Years later, Maas graduated from university and, like other millennials, faced a financial crisis that had battered the economy. Living in New York City with a creative writing degree and no work experience, she applied and was rejected from jobs at three different Barnes & Noble bookstores. (Later, as a bestselling author, she joked: “The tables have turned!”)
She managed to find an agent and in 2010 sold Throne of Glass to Bloomsbury, which published it in 2012. The Throne of Glass series was followed by a second, beginning with A Court of Thorns and Roses, a book she had begun writing while a jobless recent graduate about a huntress who lives in a snowy wood, looking for food for her starving family.
Maas’s books span themes of authoritarianism, loss and grief, trauma, friendship and, of course, a happily-ever-after epic romance. There is “lots of action and a lot of steamy stuff, lots of hot dudes”, Maas told Kelly Clarkson this month.
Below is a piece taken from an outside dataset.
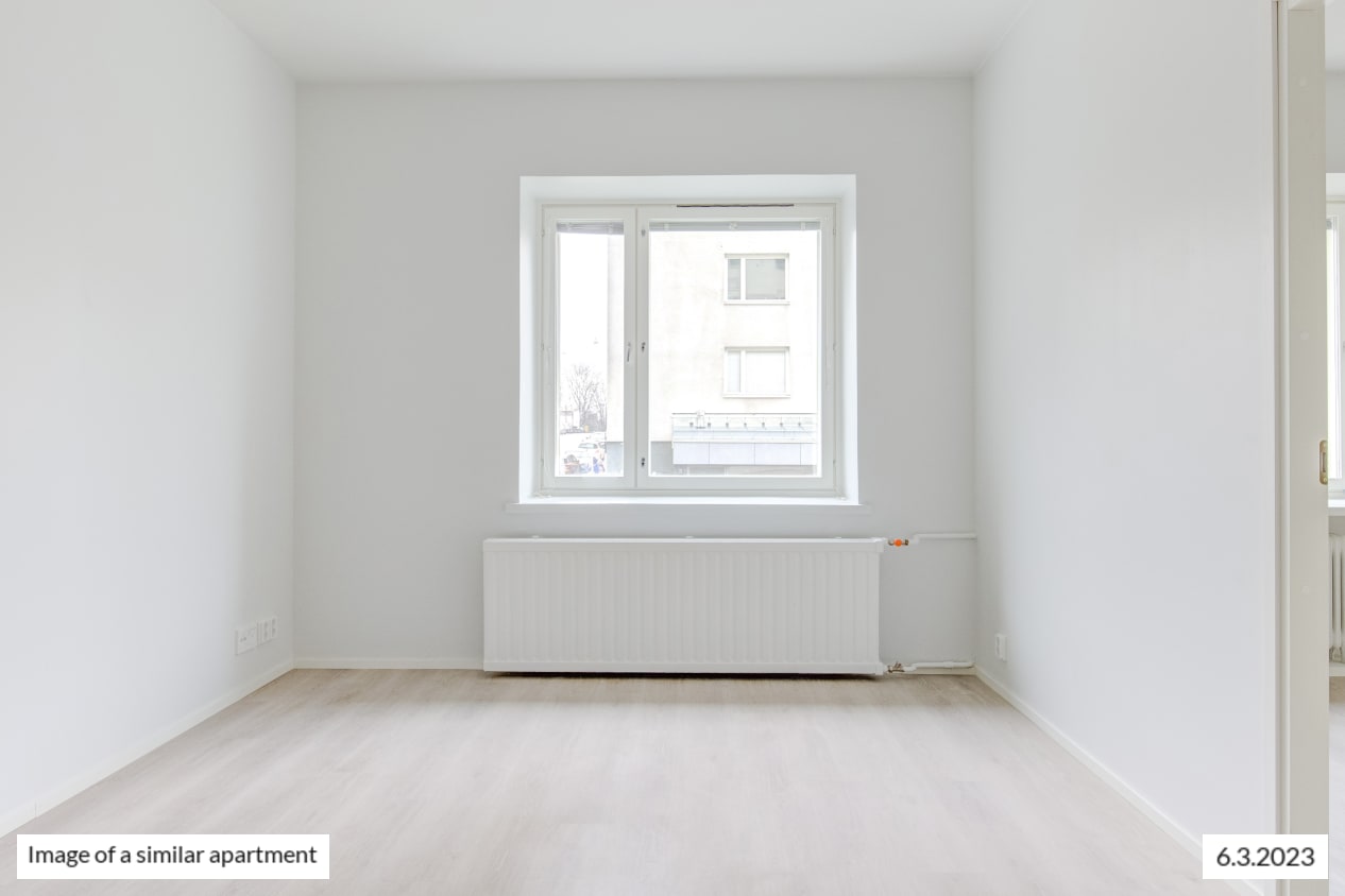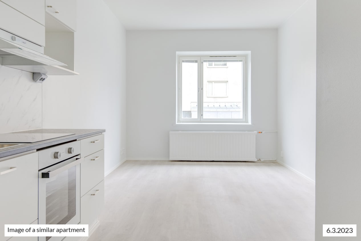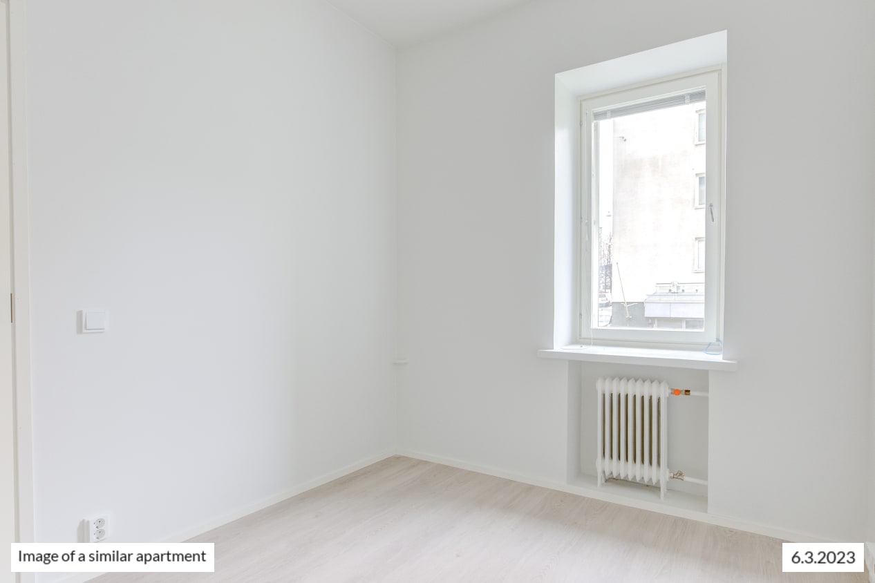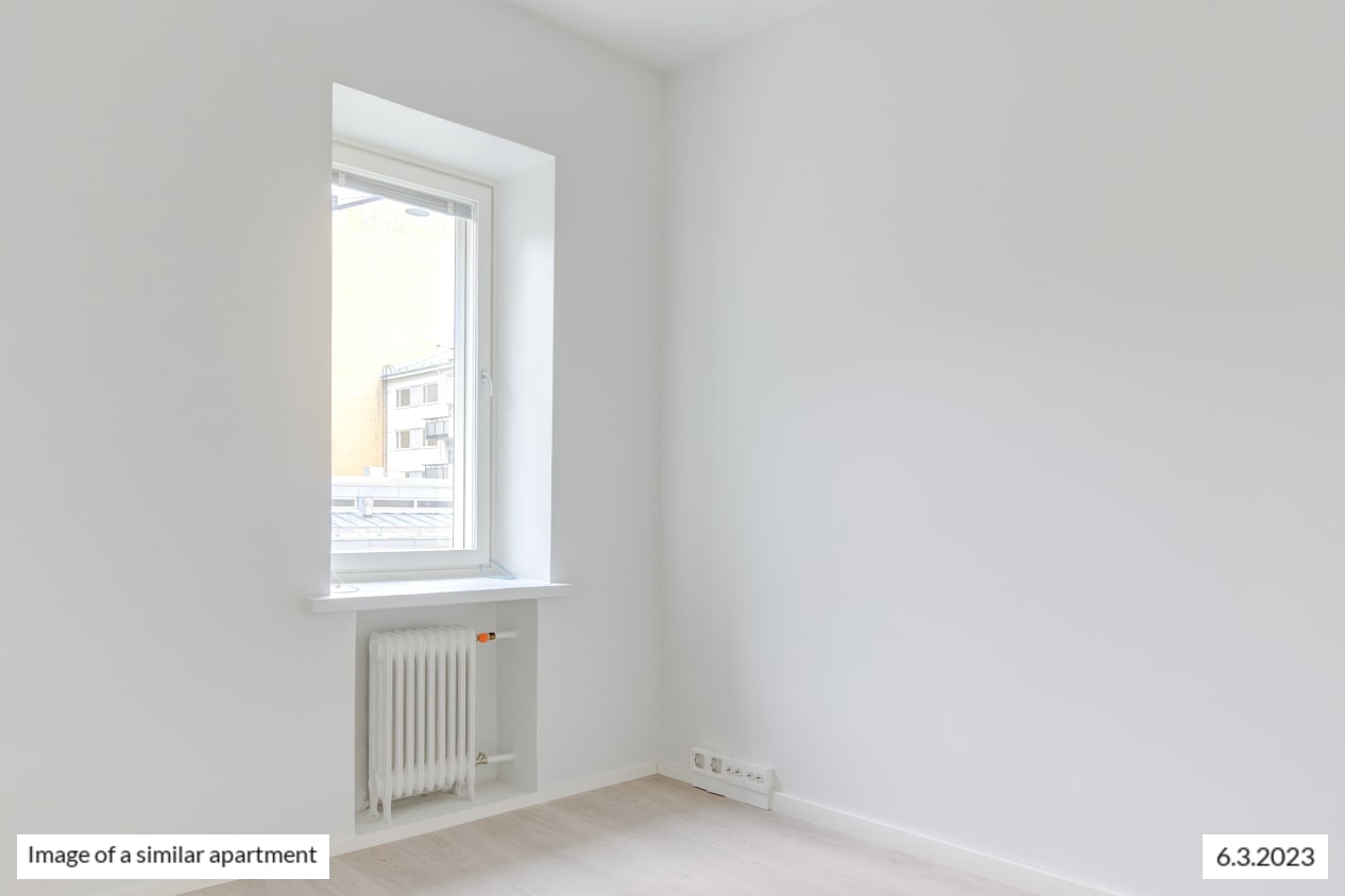 The windows of the light-filled and spacious apartment face northwest to Castréninkatu street. And the view is fantastic! There is a nice amount of storage space: a long row of wardrobes in the bedroom and added storage in the entrance hallway. The functional kitchen is conveniently slightly separate from the living room yet forming a nice combined space.

In interviews Maas comes across as bubbly, with a sharply self-deprecating humour.
Her real romantic life is also a bit of a fairytale. She met her husband on the very first day of university. He was her first ever boyfriend, and they now have two young children together. “I think I can write about true love because I get to live that every day,” she recently said.
Romance is the bestselling book genre in the US, but it is sometimes sidelined by the literary establishment in favour of more highbrow, and usually less profitable, fare. “I don’t understand why anyone would put down other genres because in this day [and] age there’s so many other distractions to keep you from reading; the fact that anyone picks up a book is a miracle,” Maas says of the criticism.
Morgan Entrekin, chief executive of Grove Atlantic, the publisher behind last year’s Booker prize-winner, Paul Lynch’s Prophet Song, agrees. “The boom in [romantasy] has been amazing,” he says. “I am always pleased when books — of whatever kind — are selling. It is good for the booksellers and good for the industry.”
Over the years, Maas has kept a gruelling writing schedule. She remembers the delay of several years between the release of each new Harry Potter book, and she wants to save her fans that wait. “But that means it’s usually deadline hell at my house,” she said in a 2015 interview.
Now with two young children — a son, Taran, and daughter, Sloane — Maas has been forced to slow down a bit. Instead of releasing two books a year, it’ll be one. But she already has her next four novels planned out. She describes them as planes, taxiing on the runway, until she can propel them into the world.
Andy Hunter, the founder of Bookshop.org, says he is weary of the books world becoming “more of a hit-based business than ever”.
However, he says, in the case of Maas, “she’s really pretty good”.
“It’s much better to have everyone talking about a book than to be talking about a TV show or celebrity gossip.”